After a year of turmoil, can Evergreen reinvent itself?

The Daniel J. Evans Library's clock tower on the Evergreen State University campus. (Photo by Matt M. McKnight/Crosscut)

Indeed, Evergreen is often now used as exhibit A in a nationwide attack on higher ed. It’s effective, even moving some embattled universities like the University of Colorado to consider removing the term “liberal” from their mission statements, even though the word in the “liberal arts” context is not about lefty politics.

Controversy, on and off campus, has shaped the school since before day one. Evergreen was chartered in 1967, a time of unprecedented campus protest and social tumult. The recent fury over Evergreen, I think, calls for a reset of what the school is and has been beyond the politically motivated caricatures, and what it can do going forward. (Full disclosure: I’m a “Greener” alum, as are several members of my immediate family.)

When the college opened its doors as a unique state-funded “experimental college,” both right and left had already left their marks on the newborn. The brutalist bunker-like campus in the woods was said to be riot-proof, designed in response to college unrest elsewhere. Faculty frustrated by the strictures of traditional colleges and universities fled to Evergreen to join what many regarded as a kind of educational haven in line with the utopian communities that once dotted Puget Sound. It would embody a new kind education premised on the individualistic impulses of the 1960s.
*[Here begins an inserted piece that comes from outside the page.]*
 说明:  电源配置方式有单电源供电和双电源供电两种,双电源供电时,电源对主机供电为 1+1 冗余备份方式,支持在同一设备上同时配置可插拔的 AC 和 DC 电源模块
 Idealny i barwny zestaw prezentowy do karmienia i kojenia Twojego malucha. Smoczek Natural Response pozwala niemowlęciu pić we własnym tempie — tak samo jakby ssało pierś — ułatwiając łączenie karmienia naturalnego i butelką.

Longhairs invaded the small, provincial state capital, a town that in the early ’70s was still a timber port populated with a state government bureaucracy and annual influxes of state lawmakers engaged in old-school horse-trading politics enlivened by a fair amount of vice and corruption. Adding hippies to the mix was challenging when I arrived with my beard and wild, bushy hair in 1972. I later rebelled by wearing a coat and tie when I edited the school newspaper, which infuriated some faculty who sought to escape such symbolic strictures.

The school received pushback from the locals. Think Sarah Huckabee Sanders got rough treatment at the Red Hen? Many Olympia establishments did not want to serve students, the Thurston County sheriff was convinced the school was a den of iniquity and the local Daily Olympian newspaper, tagged The Daily Zero by Evergreeners, loved to highlight the negative. Gov. Dixy Lee Ray — a former University of Washington professorsuggested the school be turned into a state patrol academy.
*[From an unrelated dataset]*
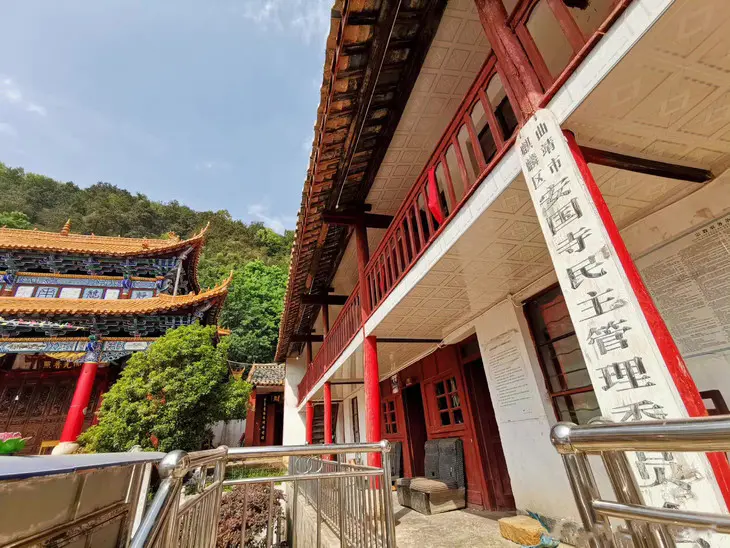 咸丰二年(1852年)编纂的《南宁县志》记载:“安国寺在城西南真峰山,明黔国公沐修建”。在明代洪武年间,带兵征南的黔国公沐英在平定曲靖后又对安国寺作了重新修缮,奠定了安国寺今后的格局。然沐公修建以及田产碑记均为后人隐匿,沐公后世裔孙于万历年间曾又题额“安国禅院”,原玄宗匾则悬挂大雄宝殿上方。以后的明清两代几次进行了重修,使其规模越来越大,保持有五殿二洞,十八院九十九间房,上千尊佛像的大寺规模。五殿即玉皇阁、观音殿、祖师殿、天王殿、大雄宝殿,洞是紫云洞和普贤洞。五个大殿各具特色,但最有特色也是最为壮观的是大雄宝殿。大殿中央是三大佛,两侧为十八罗汉,背后是五百罗汉。这些佛像高者丈余,小者也有三尺。无论大小,看上去都神态各异,栩栩如生。

Evergreen has always had to fight for its reputation, its funding and its image by a combination of evolving offerings (graduate degrees), deepening local roots (former Greeners include major players in local business and politics — the local Congressman, Denny Heck, is a Greener) and weathering periodic freak-outs.

One thing that’s been lost in the latest brouhaha is that at Evergreen, roots are deep in libertarian soil. While many students and faculty have been tagged as far lefties, the school itself has been an experimental paragon of ideas, including conservative notions of liberty, responsibility and accountability. The school had no majors, no grades, student-designed individual studies, multidisciplinary programs, or real-world internships. That freed students and faculty to follow their educational whims and passions. Students were responsible for their own education, commitments often sealed by contracts between students and faculty.

From the beginning, the school sought to have a relatively flat administration and a smallish bureaucracy. Problem-solving committees called Disappearing Task Forces substituted for standing committees and sunsetted once problems were dealt with. In other words, Evergreen promoted limited government!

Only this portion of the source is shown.